No todo es blanco o negro
Para gran parte de la sociedad israelí, esta situación es asfixiante y resulta inevitable sentir incomprensión. En el resto del mundo parece haber sólo dos posturas: Israel es una entidad ilegítima que debe disolverse, todos sus ciudadanos deben volver a Polonia, y su líder es un insaciable halcón genocida; o Israel es un ente sólido y perfecto, todo lo que hace está bien, incluso cuando se equivoca. Por supuesto, nada de esto es ni remotamente cierto. Entre ambas posturas, se explica también la difícil relación entre los israelíes y la diáspora judía, principalmente la de Estados Unidos, carente de sutileza para tomar posición y de nutrirse de información y noticias sobre lo que pasa en el día a día de la tierra prometida.

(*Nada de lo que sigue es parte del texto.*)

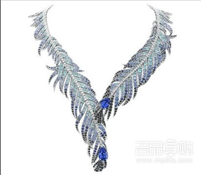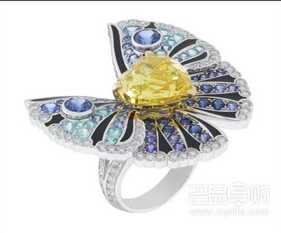 Plumes de Martin-Pêcheur 项链及耳环从翠鸟的蓝色羽毛中汲取灵感,各自镶嵌 2 颗、分别重 11 克拉和 4 克拉的梨型蓝宝石,并镶嵌黑色尖晶石与钻石,及缀以帕拉伊巴碧玺,组成渐变蓝色,充满光泽。Trésor Ailé 戒指则以蝴蝶作灵感,翅膀镶嵌了颜色渐变的蓝宝石和紫色蓝宝石,边上围绕着圆钻,中心镶嵌一颗 5.73 克拉的心形黄钻,再用黑色亮漆勾勒出蝴蝶线条,更显动感。

En sus apariciones ante el Capitolio o la asamblea de Naciones Unidas, Netanyahu, con su inglés perfecto y registro barítono, sedujo con consignas simples, tomadas de la propaganda más efectista y berreta de Instagram y X, a parte de la tribuna internacional. Que diera su último discurso mientras a sus espaldas autorizaban el ataque que acabó con Nasralá sin duda contribuye a su leyenda, como contribuyó durante más de una década el propio Netanyahu a fortalecer el desarrollo económico y las capacidades militares de la maquinaría impersonal y efectiva que es el sistema de seguridad.
Al final, Israel es un país con los problemas de cualquier otro, más el detalle adicional de tener que luchar por su supervivencia desde el día de su fundación.
Sin embargo, para cualquier argentino curado de espanto debería ser sencillo no dejarse llevar. Incluso hoy, Bibi pretende modificar a su gusto el sistema judicial, y aunque haya servido en el cargo más de 16 años, jamás insinuó siquiera expandir libertades básicas como el matrimonio civil y el transporte público en sábados y feriados. Todas y cada una de las cosas que ha hecho desde que ingresó en la arena fueron por su propia supervivencia política. Durante años sus intereses no entraron en conflicto con los de la mayoría del país. Desde que está sentado en el banquillo por causas de corrupción y abuso de confianza, se encargó de manchar su propio legado, que destacará haber liderado el gobierno más ineficiente e incapaz de la historia del país a sus días más tristes. A diferencia de Lev Kreitman, cuando las papas queman, Netanyahu corre siempre a donde su supervivencia esté garantizada, nunca hacia a los tiros.
Al final, Israel es un país con los problemas de cualquier otro, más el detalle adicional de tener que luchar por su supervivencia desde el día de su fundación. Toda esa sutileza se pierde en la niebla de la guerra y de la conversación pública actual, consumida por posiciones absolutistas que empañan la percepción de lo que realmente pasa en el terreno. Tener que afrontar un año de guerra por la supervivencia inmediata es causa y consecuencia de los liderazgos que se benefician con las dicotomías simples. Y es ciertamente agotador para todos los implicados. Por más que suenen convincentes a oídos sordos las promesas de “victoria total”, la oratoria de un político es sólo tan buena como la inclinación de su auditorio a dejarse embaucar.